С «начальством» вопрос был согласован так, что меня задержали, а Гюзель привезли с эскортом милиционеров, вызвали даже врача из районной поликлиники — старую еврейку, напугавшуюся больше, чем Гюзель, — чтобы засвидетельствовать, что Гюзель здорова. И хотя у Гюзель были повышенная температура, она засвидетельствовала ее здоровье — а нужно было бы, так засвидетельствовала бы и опасную болезнь. Еще раз повторив нам обоим то же самое, Досужев отпустил нас — вернувшись домой, я заметил, что в квартире никого нет. КГБ решил одним ударом убить двух зайцев: начать дело о высылке из Москвы и одновременно поставить микрофон, для этого под разными предлогами удалили всех соседей и проникли к нам в комнату. Я поднимался в квартиру над нами, из которой устанавливали микрофон, жалуясь, что нам мешают стуки, но в комнату хозяйка меня не пустила. Каждый год в «день чекиста» сверху доносилась музыка и топот ног — отмечали свой праздник.

21 августа судили Толю Марченко — по обвинению в «нарушении паспортного режима», он получил год, максимальный срок по этой статье, в лагере ему добавили еще два за «распространение измышлений, порочащих советский строй».

«Паспортный режим» — статья бытовая, и потому суд был открытым, ползала занимали гебисты — старики (пенсионеры) и молодые (стажеры), многих из них я видел потом на других судах. Две интеллигентного вида женщины, народные заседатели, сидели по обе стороны от судьи с несчастными лицами: подоплека дела была достаточно ясна, но им, «советским людям», ничего не оставалось, как подписать заранее заготовленный приговор. Меня удивило, что нет ни одного иностранного корреспондента, но во время перерыва кто-то подошел ко мне и сказал: «Ты уже слышал? Наши вошли в Чехословакию».

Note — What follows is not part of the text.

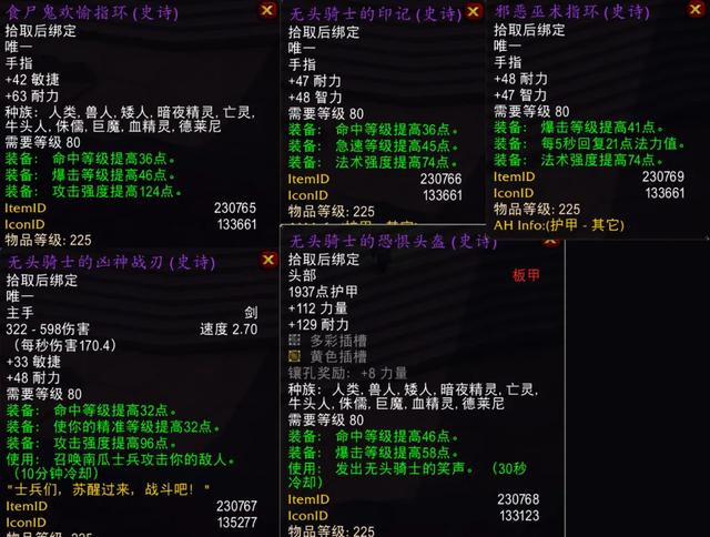 相较于可圈可点的好意思酒节225等第饰品,万圣节的这些225禁止、头盔和火器实用性就要差得多。禁止并不像饰品那样稀缺,225等第禁止只配给正派升小号过渡使用,无头骑士战刃掷中精确属性确乎可以,然而别忘了拍卖行内部还有大都226装绑好意思酒节羽觞,至于板甲头就更没用了,谁还没个战胜纹章换的T8头呢。就算是给小号当过渡装,万圣节BOSS装备亦然来源被淘汰替换掉的。

Едва закончился суд, судьи и гебисты заторопились — по всей стране начались собрания с одобрением ввода войск. Не могу сказать, однако, что одобрение было единодушным — имею в виду не диссидентов, а тех, кого на Западе принято называть «человек с улицы». Безусловно, можно было услышать «Мы им покажем!», «Фашистам продаться захотели!», «Мы не живем и им, гадам, жить не дадим!», «Не мы вошли б, так немцы!» — все это шло сверху, но легко принималось внизу. Один рабочий так объяснил мне: «Что это за власть, если она меня, работягу, боится, — это я должен бояться власти!» Но не назову все-таки это общим мнением народа — мне пришлось встречать людей, совсем разных, которые восприняли введение войск как трагедию. Позднее я познакомился с ортодоксальной партийной дамой и был удивлен, узнав, что она плакала 21 августа. В лагере у нас был спор между двумя рабочими. «Мы их от немцев спасли, что ж они от нас теперь отказаться хотели!» — говорил один.

«Если ты тонущую девушку спас — ты что ж, получишь, что ли, право всю жизнь ебать ее!» — отвечал второй, и поскольку первый сидел как раз за изнасилование, возразить ему было нечего.